» Data extract:
*** Block opens ***
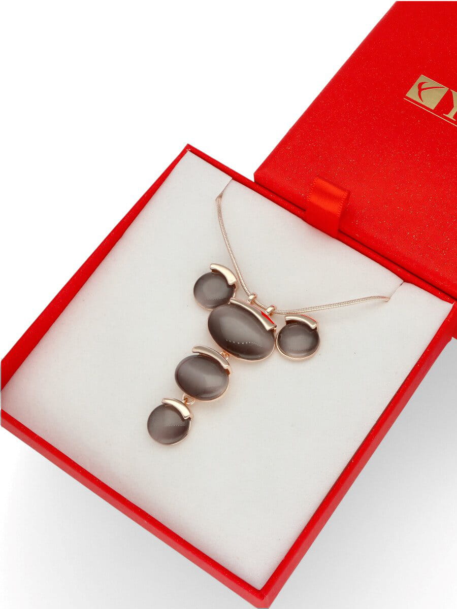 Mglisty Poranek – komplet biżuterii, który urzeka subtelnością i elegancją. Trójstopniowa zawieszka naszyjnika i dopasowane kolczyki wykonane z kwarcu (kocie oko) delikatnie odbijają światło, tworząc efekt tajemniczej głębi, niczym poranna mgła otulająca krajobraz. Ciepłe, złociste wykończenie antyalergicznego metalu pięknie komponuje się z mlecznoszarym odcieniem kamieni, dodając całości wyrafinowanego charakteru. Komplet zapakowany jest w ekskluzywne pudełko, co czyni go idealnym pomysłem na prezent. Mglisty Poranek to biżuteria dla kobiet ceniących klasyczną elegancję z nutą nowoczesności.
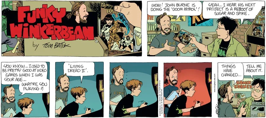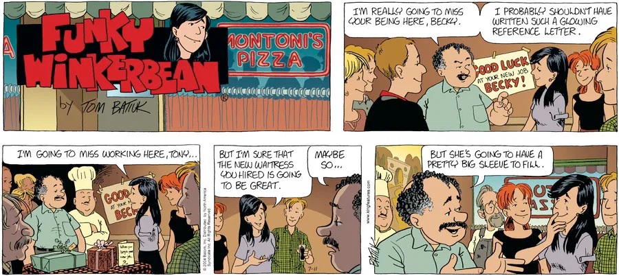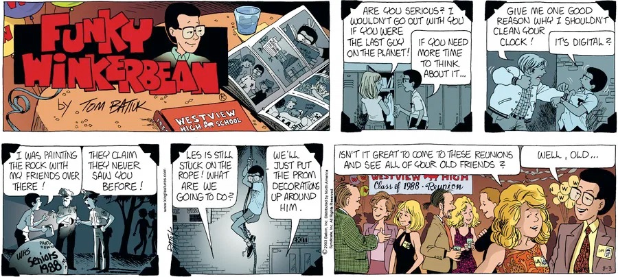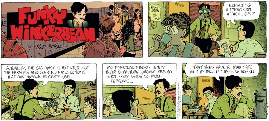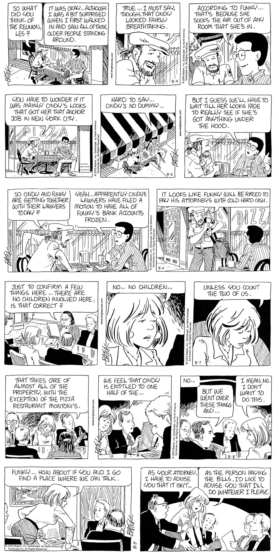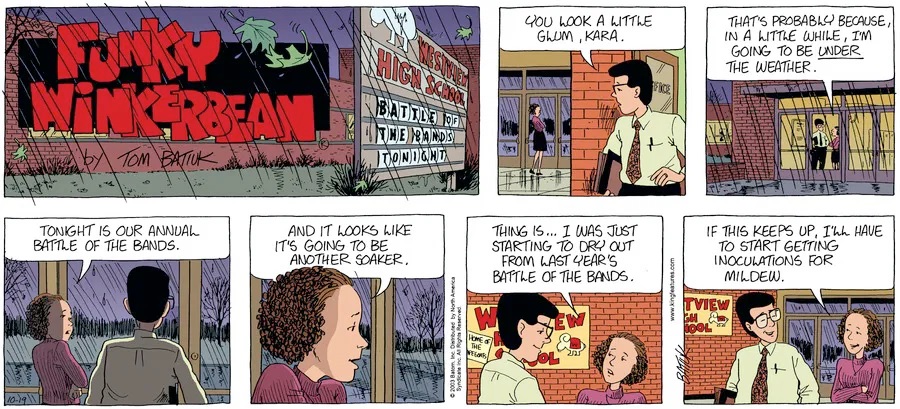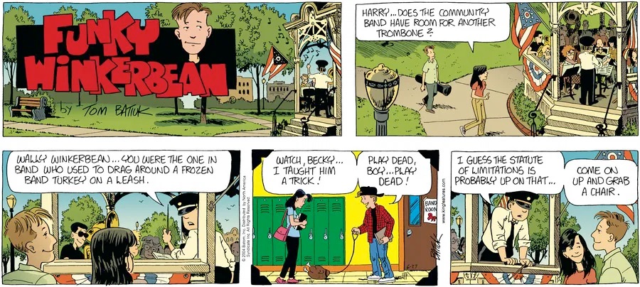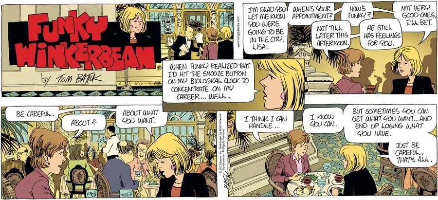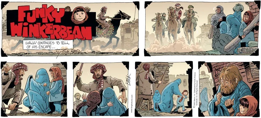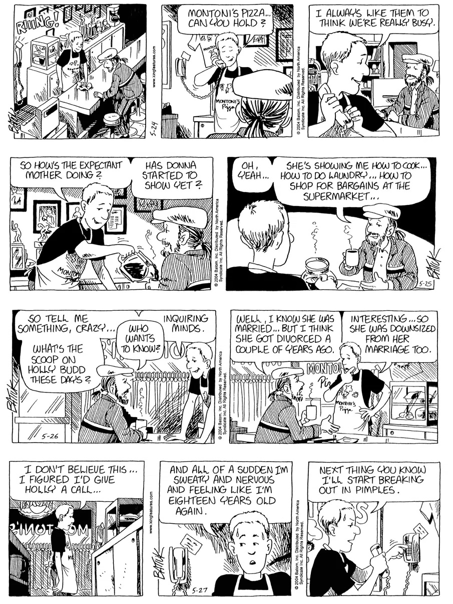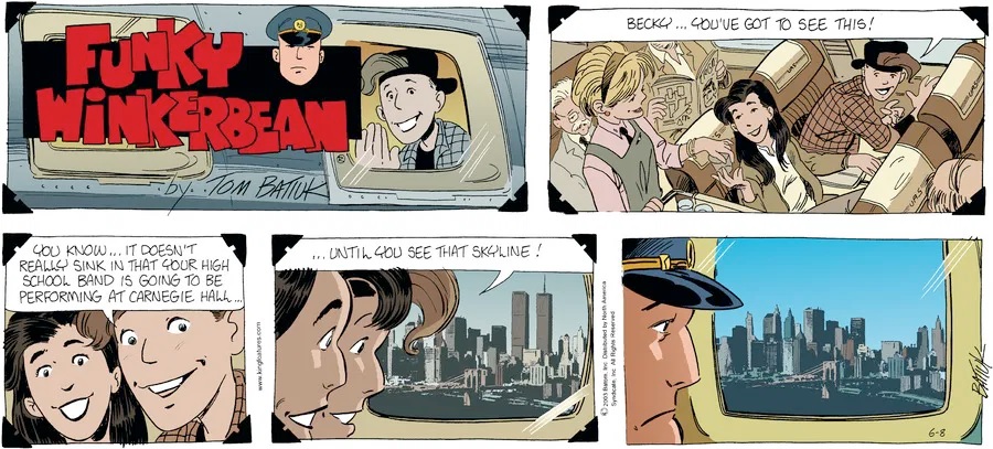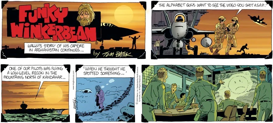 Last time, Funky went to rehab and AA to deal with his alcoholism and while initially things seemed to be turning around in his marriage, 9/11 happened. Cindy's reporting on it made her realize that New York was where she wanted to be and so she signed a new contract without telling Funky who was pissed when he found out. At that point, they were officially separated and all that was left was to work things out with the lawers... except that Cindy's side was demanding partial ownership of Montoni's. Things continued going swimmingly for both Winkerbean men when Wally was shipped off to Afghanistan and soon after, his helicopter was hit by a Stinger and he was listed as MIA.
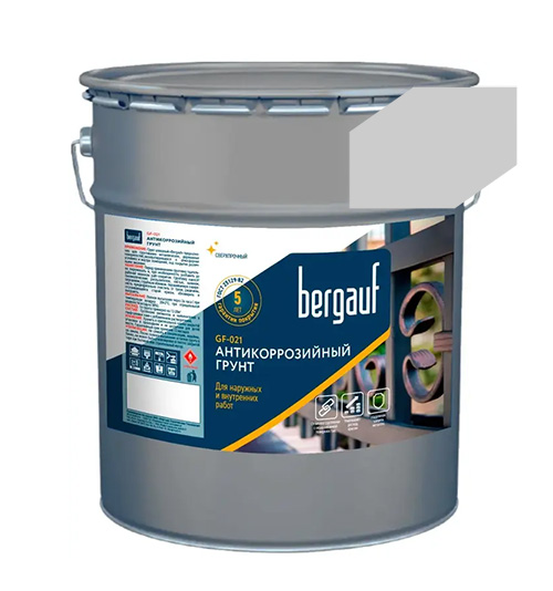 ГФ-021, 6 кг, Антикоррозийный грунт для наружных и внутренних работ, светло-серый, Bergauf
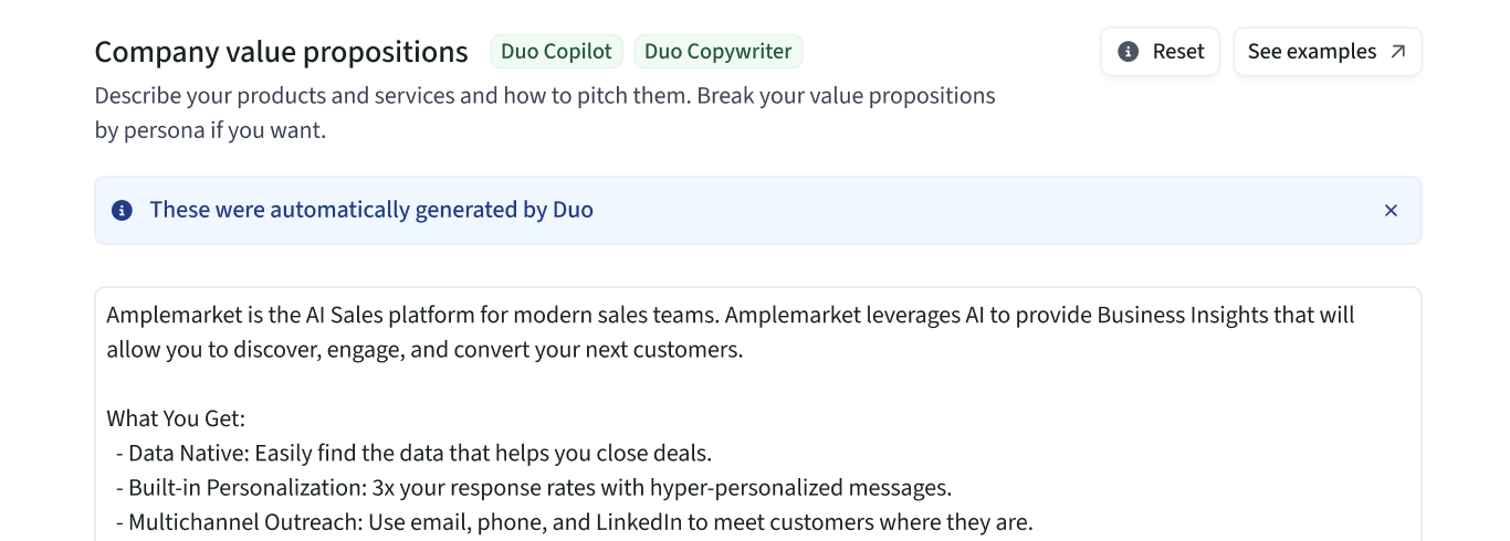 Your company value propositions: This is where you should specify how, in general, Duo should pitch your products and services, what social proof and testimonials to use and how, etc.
*** Block closes ***
» What is required:
Omitting all pictures, set the listing down exactly.

» Answer box:
 Mglisty Poranek – komplet biżuterii, który urzeka subtelnością i elegancją. Trójstopniowa zawieszka naszyjnika i dopasowane kolczyki wykonane z kwarcu (kocie oko) delikatnie odbijają światło, tworząc efekt tajemniczej głębi, niczym poranna mgła otulająca krajobraz. Ciepłe, złociste wykończenie antyalergicznego metalu pięknie komponuje się z mlecznoszarym odcieniem kamieni, dodając całości wyrafinowanego charakteru. Komplet zapakowany jest w ekskluzywne pudełko, co czyni go idealnym pomysłem na prezent. Mglisty Poranek to biżuteria dla kobiet ceniących klasyczną elegancję z nutą nowoczesności.
 Last time, Funky went to rehab and AA to deal with his alcoholism and while initially things seemed to be turning around in his marriage, 9/11 happened. Cindy's reporting on it made her realize that New York was where she wanted to be and so she signed a new contract without telling Funky who was pissed when he found out. At that point, they were officially separated and all that was left was to work things out with the lawers... except that Cindy's side was demanding partial ownership of Montoni's. Things continued going swimmingly for both Winkerbean men when Wally was shipped off to Afghanistan and soon after, his helicopter was hit by a Stinger and he was listed as MIA.
 ГФ-021, 6 кг, Антикоррозийный грунт для наружных и внутренних работ, светло-серый, Bergauf
 Your company value propositions: This is where you should specify how, in general, Duo should pitch your products and services, what social proof and testimonials to use and how, etc.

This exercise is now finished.